Singer I, Epstein M
Department of Medicine, VA Medical Center and University of Miami School of Medicine, FL 33125, USA.
Am J Kidney Dis. 1998 May;31(5):743-55. doi: 10.1016/s0272-6386(98)70043-5.
Many therapeutic approaches have been undertaken both to prevent acute ischemic or nephrotoxic renal injury and, once acute renal failure (ARF) has developed, to improve renal function and reduce mortality. To date, most therapeutic studies have investigated the effects of diuretics (eg, mannitol, furosemide), vasoactive agents (calcium channel blockers, atrial natriuretic peptide), or dopamine (a nonselective dopaminergic agent [DAA]) in one or more phases of ARF. Unfortunately, studies of the use of DAA in ARF are complicated by the existence of at least two different DAA receptors (DA-1 and DA-2), and by the stimulation of alpha- and/or beta-adrenergic receptors by high doses of DAA. The undesirable side effects of high doses of dopamine and the inconclusive results using low doses (ie, "renal doses") of dopamine (a nonselective DAA) have prompted consideration of the use of more selective dopaminergic agonists for the prophylaxis and treatment of ARF. Selective DA-1 agonists exhibit many desirable renal effects that theoretically support their use for the prophylaxis and/or treatment of ARF, including decreases in renal vascular resistance accompanied by increases in renal blood flow and glomerular filtration rate, and increases in sodium excretion and urine volume. Even at high doses, some selective DA-1 agonists, such as fenoldopam, do not stimulate DA-2 receptors, or adrenergic alpha- or beta-receptors, and thus are free of unwanted side effects (eg, arrhythmias). Results of several studies in normal and hypertensive humans, and a few studies in animal models, are consistent with the notion that DA-1 agonists may be useful in preventing or treating ARF. Careful randomized prospective clinical trials of DA-1 agonists in human ARF are needed to test this hypothesis.

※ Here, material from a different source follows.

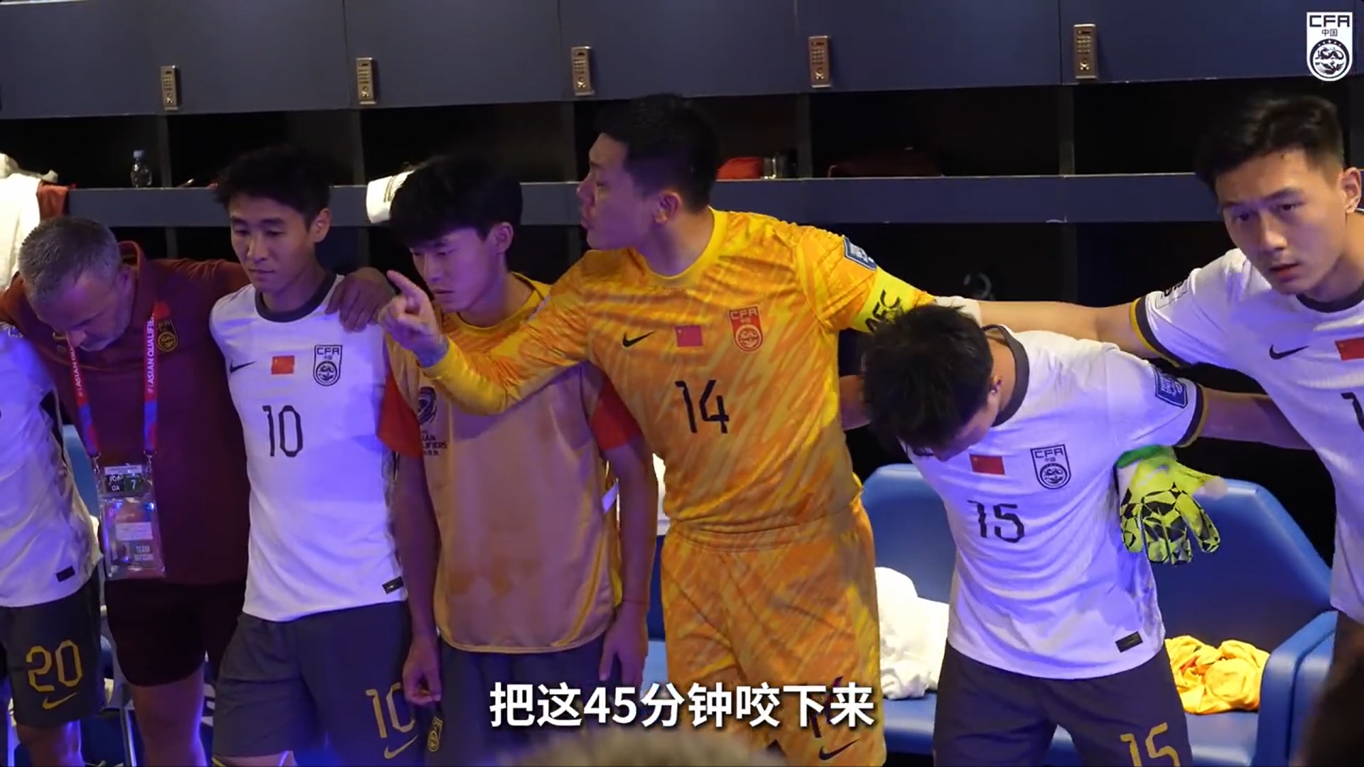 國足官方發(fā)布球隊0-1不敵沙特的微紀錄片,由于林良銘上半場(chǎng)最后階段吃到紅牌被罰下,國足下半場(chǎng)只能以十人應戰,隊長(cháng)王大雷中場(chǎng)休息時(shí)也在更衣室鼓勵隊友。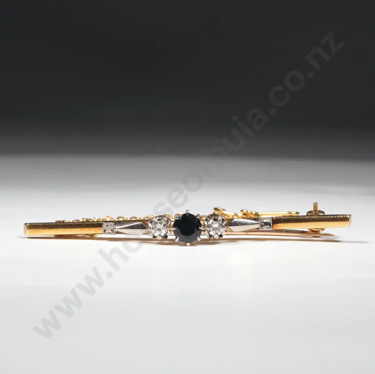 18ct gold Sapphire & Diamond Bar Brooch Estimate: $800 - $1,200

人们已经采取了许多治疗方法来预防急性缺血性或肾毒性肾损伤,并且在急性肾衰竭(ARF)发生后,改善肾功能并降低死亡率。迄今为止,大多数治疗研究都在ARF的一个或多个阶段研究了利尿剂(如甘露醇、呋塞米)、血管活性药物(钙通道阻滞剂、心房利钠肽)或多巴胺(一种非选择性多巴胺能药物 [DAA])的作用。不幸的是,ARF中使用DAA的研究因至少存在两种不同的DAA受体(DA-1和DA-2)以及高剂量DAA对α和/或β肾上腺素能受体的刺激而变得复杂。高剂量多巴胺的不良副作用以及低剂量(即“肾剂量”)多巴胺(一种非选择性DAA)使用结果的不确定性促使人们考虑使用更具选择性的多巴胺能激动剂来预防和治疗ARF。选择性DA-1激动剂表现出许多理想的肾脏效应,从理论上支持它们用于预防和/或治疗ARF,包括肾血管阻力降低,同时肾血流量和肾小球滤过率增加,以及钠排泄和尿量增加。即使在高剂量下,一些选择性DA-1激动剂,如非诺多泮,也不会刺激DA-2受体或肾上腺素能α或β受体,因此没有不良副作用(如心律失常)。在正常人和高血压患者中进行的几项研究以及在动物模型中进行的一些研究结果与DA-1激动剂可能有助于预防或治疗ARF的观点一致。需要在人类ARF中对DA-1激动剂进行仔细的随机前瞻性临床试验来验证这一假设。